Control and SDK repos

A control repo is a repository that contains the source of truth for everything you need to generate an SDK with liblab, and controls your SDK generation when using liblab in a CI/CD pipeline. SDK repos are where you generated SDKs live.

Control repo

A control repo contains at the minimum your liblab config file. It can also contain your API spec if you are using a local file, and code for hooks or custom plan modifiers. It can also contain Actions to trigger SDK generation in a CI/CD pipeline.

.
├── .github
│   └── workflows
├── spec.json
├── liblab.config.json
├── customPlanModifiers
│   ├── attributes
│   └── resources
└── hooks
    ├── go
    ├── csharp
    ├── java
    ├── python
    ├── terraform
    └── typescript

Create a control repo

liblab provides a template repo that you can use to get started. This contains a basic config file that you can configure, an example spec, and GitHub Actions to update your SDKs when your spec changes, or when liblab releases an update.

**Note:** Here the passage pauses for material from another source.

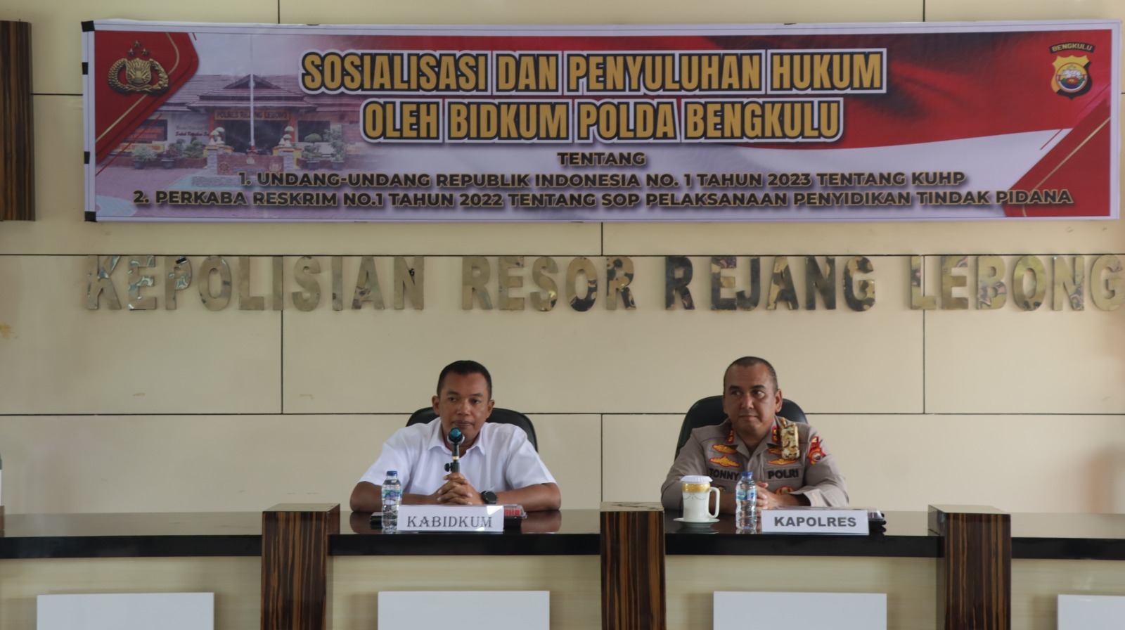 Dijelaskan oleh Kapolres Rejang Lebong Polda Bengkulu Melalui Kasi Humas Iptu Bertha Ginting bahwa “Sosialisasi dan Penyuluhan Hukum yang dilaksanakan oleh Bidkum Polda Bengkulu berkaitan tentang Undang – Undang Republik Indonesia No.1 Tahun 2023 tentang KUHP Serta tentang SOP Pelaksanaan Penyidikan Tindak Pidana.

Select the button below to create a new control repo using this template.

Create your control repo

Regenerate SDKs using GitHub Actions

One of the powerful features of liblab is the ability to regenerate your SDKs when your spec changes. This can be done using GitHub Actions to give a hands off experience - once your spec changes, liblab will re-generate your SDK and raise pull requests for you to review in your SDK repos.

In your control repo, you will need 2 Actions - one to check for updates to your spec, config file, or hooks code, and one to check for liblab updates. If you create your control repo using the template repo mentioned above then these Actions will already be set up for you.

Configure secrets

These Actions need 2 Actions secrets set - LIBLAB_TOKEN and LIBLAB_GITHUB_TOKEN.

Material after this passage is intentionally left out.